As to kill time to Bangkok

It has been of five days of it appeal to-pleasure-hunting with Gus, posterior part still from the Laos. We have been to the restaurants Headquarters-Orientals and Japanese, the Irish banns and the Korean bars, the barbecue of the way, the bookshops, the cinematografi and the uneven place with a name like “Spanky” or “one night to Bangkok” in order to watch the human traffic.
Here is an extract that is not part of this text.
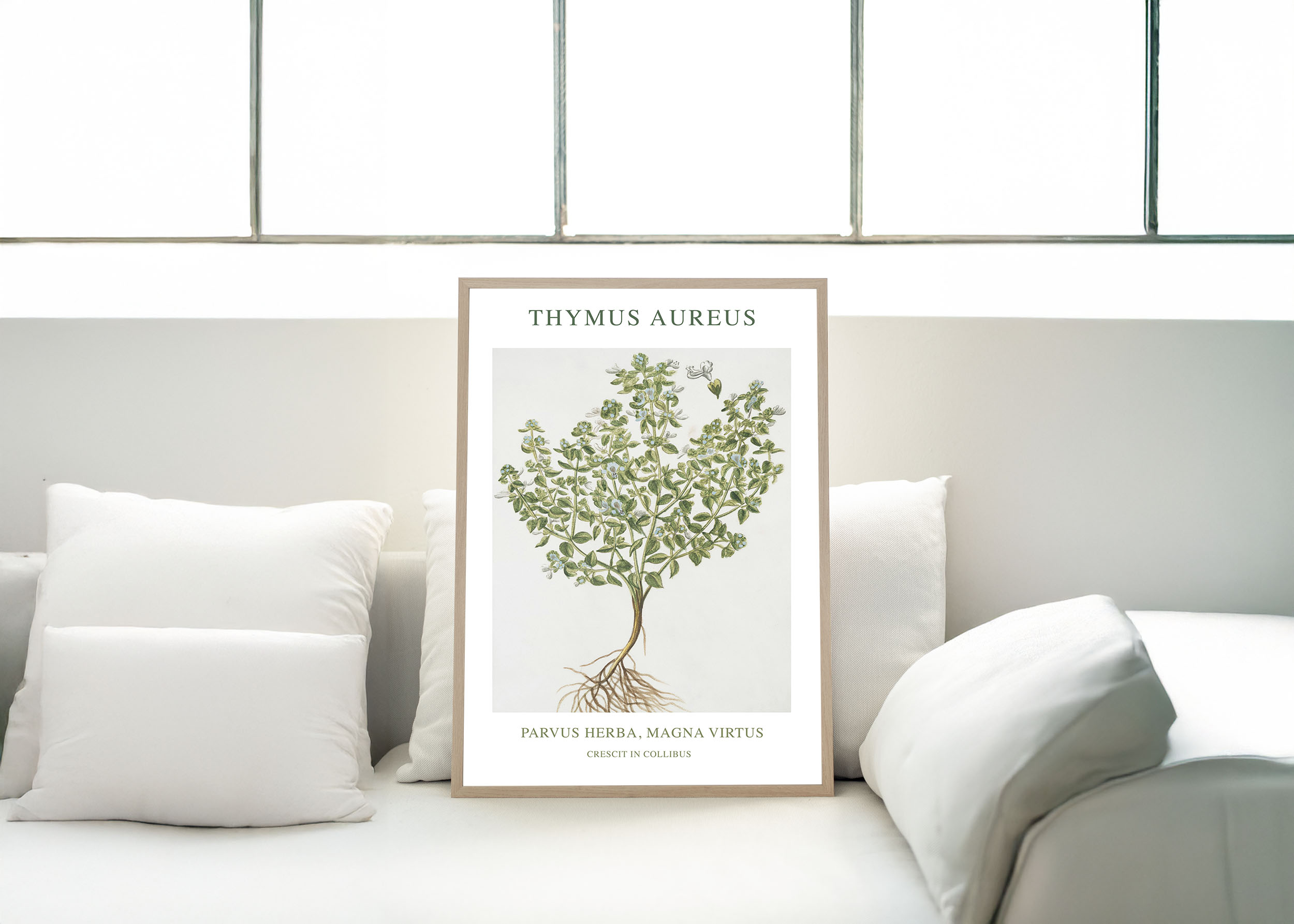 Mot en ljus, nästan vit bakgrund tronar en växt av gyllene timjan (Thymus aureus). Växten är avbildad i detalj, från dess rötter som slingrar sig neråt i jorden till de små, ovala bladen som täcker stjälkarna. Bladen har en mjuk, sammetslen yta och en vacker gulgrön färg. Uppemot stjälkarna sitter flera små, vita blommor samlade i täta klasar. Blommorna har en delikat struktur och ger ett intryck av lätthet. Ljuset faller mjukt över växten, vilket ger bilden en lugn och harmonisk känsla. Bilden har en klassisk och botanisk stil, som om den är hämtad ur en gammal herbarium.

  • Squali of the blow to the world of the ocean of the Siam.
  • They contemplate to go to the church to sing the carols, then change idea when, on I consult of the website ones of the church, you do not see nothing but the photos of small army of Institutors of the women white women-haired who ago the good actions.
  • It carries out immense, a study detailed and comparable of the malls of shopping de Bangkok. Vibration chair is based in a store of electronics in one while watching one television $60000. It admires Ferraris and Bentleys on the concourse (you do not obtain that one to Bluewater) and eats the pastry shops imported cream cooked from a chef French with a famous face.
  • It reads something from Paul Theroux (witty) or Michael Palin (verbose.)
  • It drinks the tea of the mint and smoke one sheesha in little Arabia.

Beer or three is met me with Jerry Hopkins for one. Jerry has written the biography of Jim Morrison, nobody exits alive and is hour here a resident of long duration de Bangkok. It possesses a house upcountry with its moglie but it passes the greater part of its time in the city, that it has telephone lines. After a brace of the beers in its appartment we have gone to one bar. It was empty beyond we but there was traffic through the bar. Salt-job bar is transparent was one. “they do not sell the a.lot of beer,” Jerry here said. Therefore, been born them happy.

Mrs K will arrive after tomorrow so as to the free-time to modernize this will be to a prize. It will control or two times once within, however. I have of I have of I have and all that one.